Thus, the field effect transistor having the structure shown in FIG. 3 can be obtained.
Each of the plurality of nitride semiconductor multilayer structures 5 formed in a stripe shape on the substrate 1 forms a unit cell. The gate electrode 10, the drain electrode 12, and the source electrode 11 of the plurality of nitride semiconductor multilayer structures 5 are commonly connected at positions not shown. The drain electrode 12 can be shared between adjacent nitride semiconductor multilayer structures 5.

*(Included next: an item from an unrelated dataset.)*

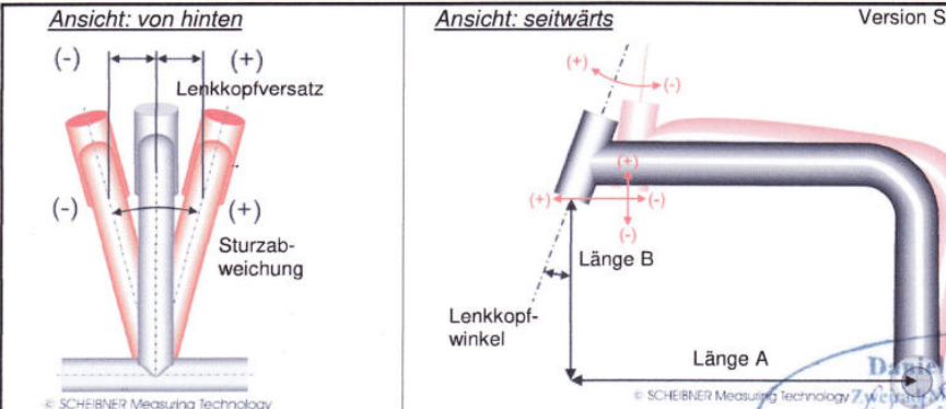 Von der Vermessung meiner SR weiß ich noch, daß da auch der Lenkkopfwinkel vermessen wurde (Länge A, Länge B).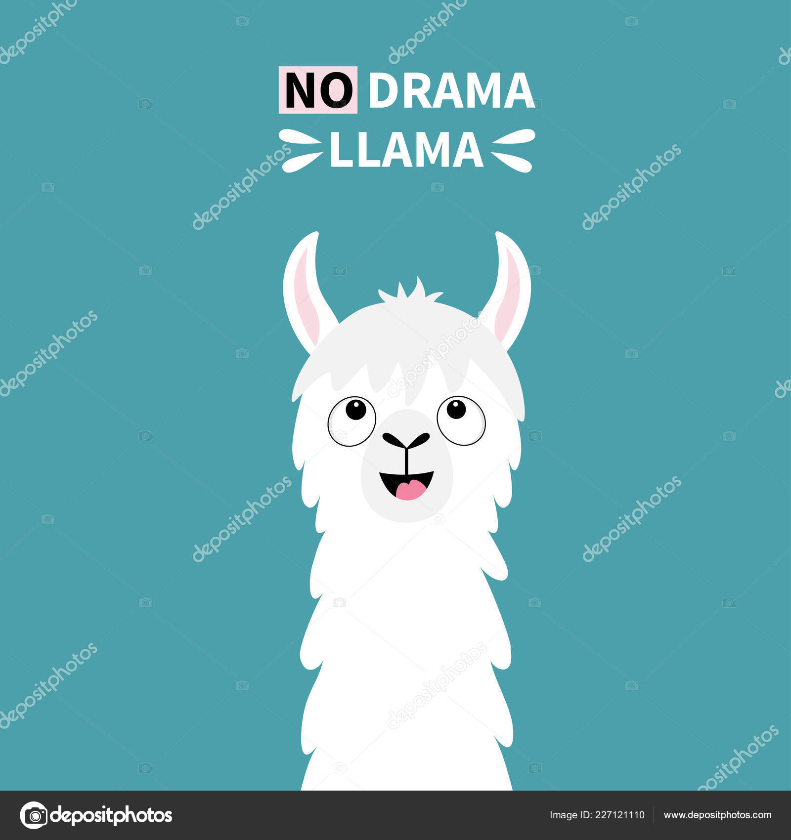 Llama Alpaca Turning Head Face Tongue No Drama Cute Cartoon

FIG. 5 is a schematic cross-sectional view for explaining the structure of a field effect transistor according to the third embodiment of the present invention. In FIG. 5, the same reference numerals as those in FIG. 1 are given to the portions corresponding to those in FIG.
In this embodiment, the substrate 1 is not provided, and the drain electrode 12 is formed in contact with the surface of the GaN film 2 opposite to the side where the nitride semiconductor multilayer structure portion 5 is formed. . More specifically, the drain electrode 12 is deposited so as to cover almost the entire lower surface of the GaN film 2. Therefore, in this embodiment, the drain electrode 12 is electrically connected to the n-type GaN layer 6 through the GaN film 2.

  In addition, a gate insulating film 26 is formed on the upper surface of the n-type GaN layer 6, the wall surface 16, and the upper surface of the n-type GaN layer 8 (excluding the source electrode 11 formation region) in the nitride semiconductor multilayer structure portion 5. . Further, the gate electrode 10 is formed on the gate insulating film 26 so as to face the region 14 with the gate insulating film 26 interposed therebetween. Other configurations are the same as those in the first embodiment.

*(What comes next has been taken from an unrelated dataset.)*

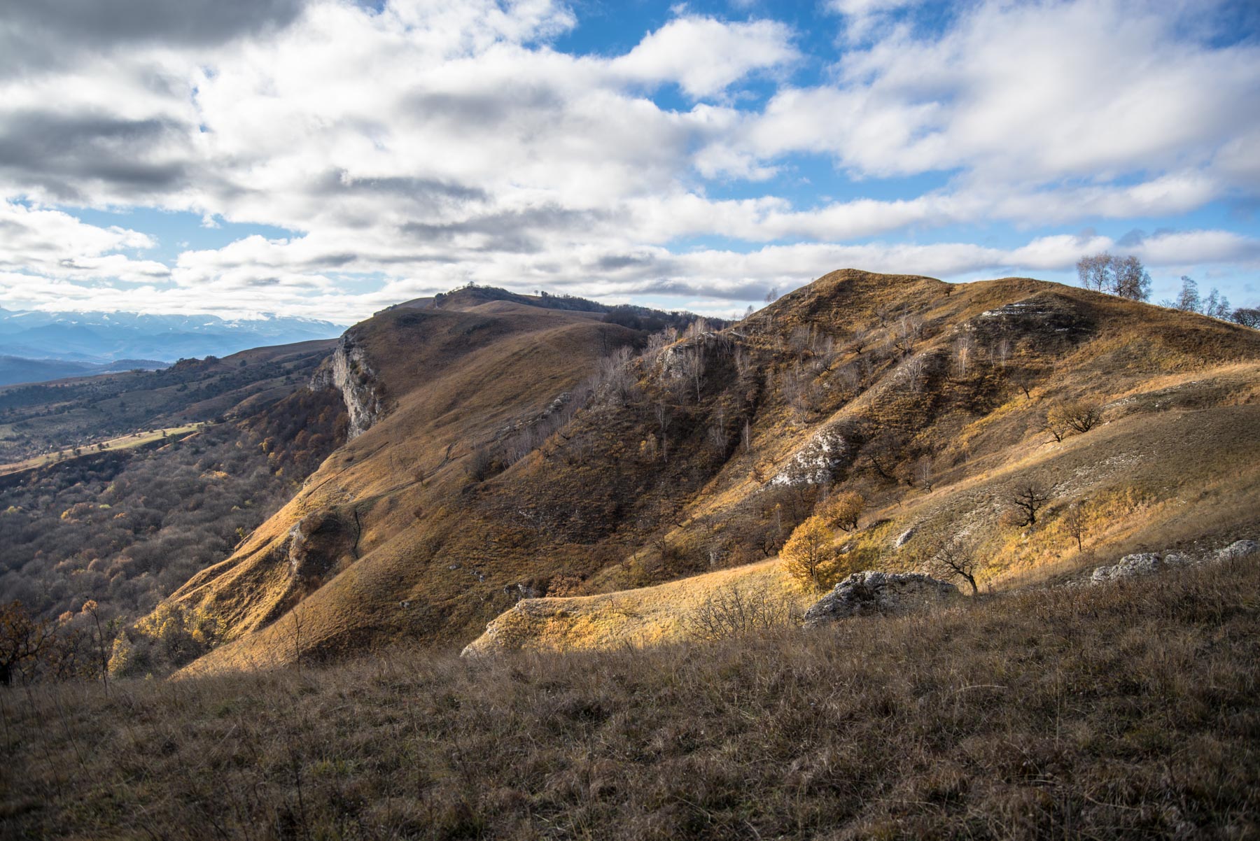 Продолжительность хребта – 18 км, наивысшая точка – 1211 м. Отсюда прекрасно видно весь поселок, а так же соседний населенный пункт Андрюки, что находится по ту сторону реки Малая Лаба. Большинство склонов хребта пологие, покрытые травой, у края деревья практически отсутствуют. Но местами встречаются скальные обрывы, а также останцы-часовые. Это такие высокие каменные столбы, которые образовались в результате неравномерного выветривания породы.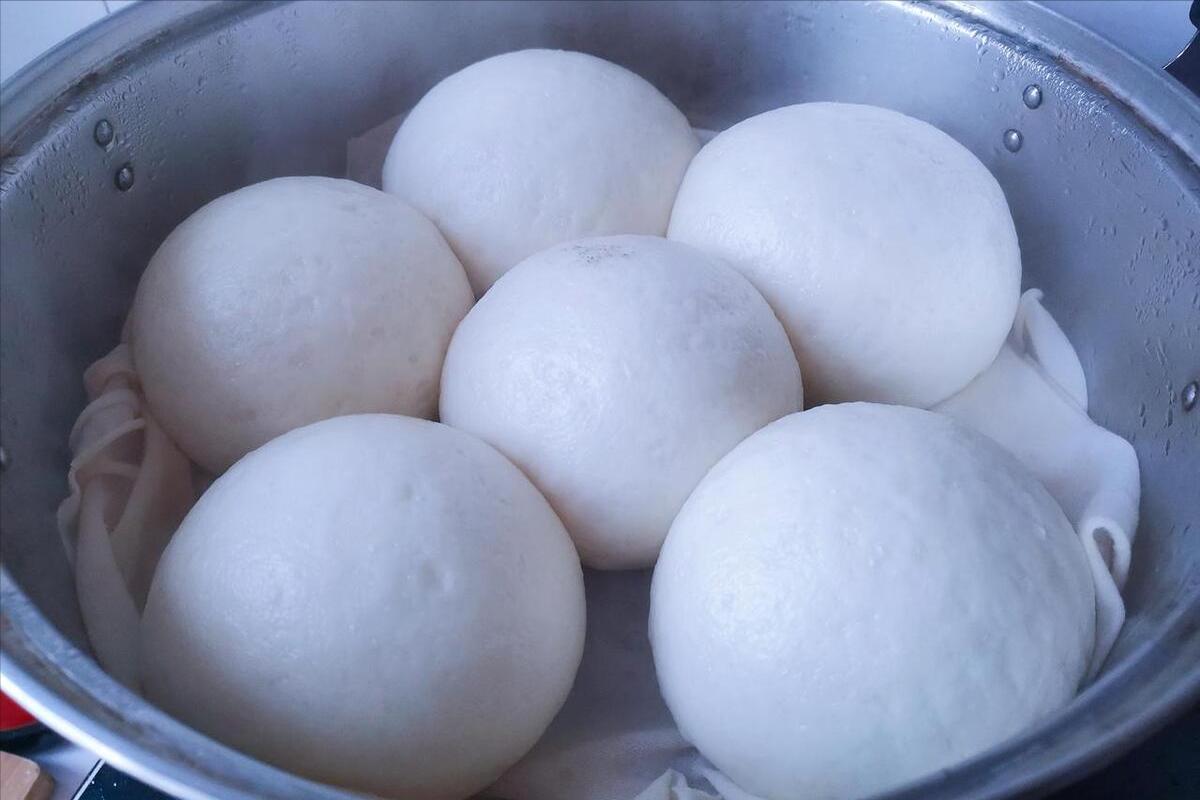 7、到時間後開火,全程保持大火,等燒開以後繼續蒸上20分鐘左右的時間,到時間後關火,先別急着敞開蓋子,耐心等待2分鐘,再將蓋子掀開,定睛一看,這不比饅頭店裏賣的還要好嗎?白白胖胖的,特暄軟、特蓬鬆。

  Even when an insulating substrate is used for the growth of the GaN film 2, this field effect transistor can realize a vertical field effect transistor and the insulating substrate is removed. Can be reduced. The electrons flowing into the n-type GaN layer 6 diffuse and flow through a wide area of the n-type GaN layer 6 and flow into the drain electrode 12. Therefore, current concentration can be suppressed. Also with this configuration, the same operation as in the first embodiment is possible, and the same effect as in the first embodiment can be obtained.

  This field effect transistor can be manufactured by a method similar to the method described with reference to FIGS. In this case, for example, in the step shown in FIG. 2I, the gate insulating film 26 is formed by removing unnecessary portions (portions other than the gate insulating film 26) of the insulating film by etching (gate insulating film forming step). ). Then, after the process shown in FIG. 2I, the surface of the GaN film 2 is exposed by removing the substrate 1 by a method such as a laser lift-off method, a CMP (Chemical Mechanical Polishing) process or an etching process. The drain electrode 12 is formed in contact with the surface of the GaN film 2 thus formed. Other processes are the same as those in the first embodiment.

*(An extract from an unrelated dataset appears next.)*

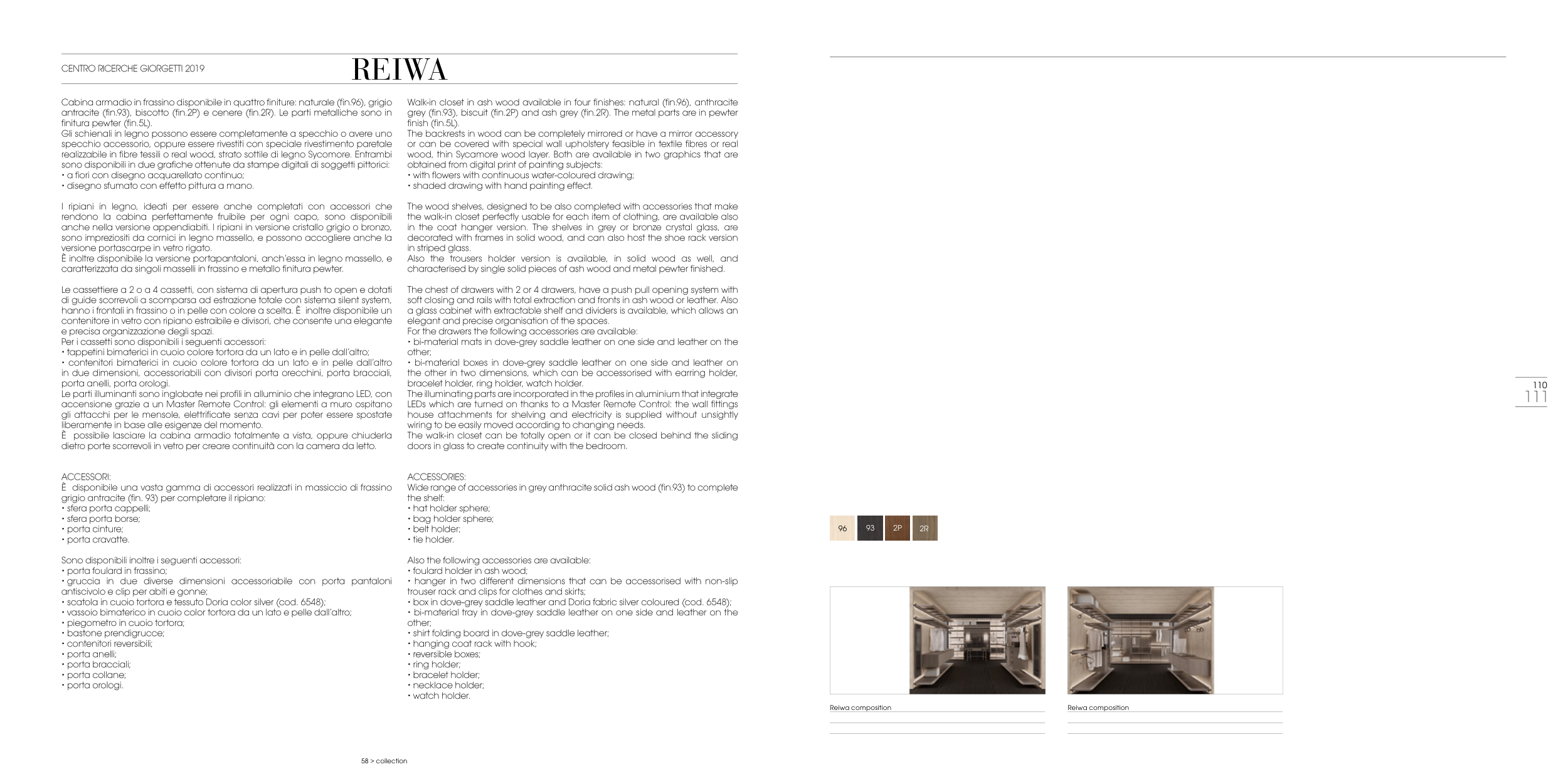 Walk-in closet in ash wood available in four finishes: natural (fin.96), anthracite

As mentioned above, although embodiment of this invention was described, this invention can also be implemented in another embodiment.
For example, in the above-described third embodiment, a configuration in which the substrate 1 is removed by modifying the configuration of the first embodiment (see FIG. 5) is shown. In the field effect transistor according to the second embodiment, Alternatively, the substrate 1 can be removed.

  In addition, various design changes can be made within the scope of matters described in the claims.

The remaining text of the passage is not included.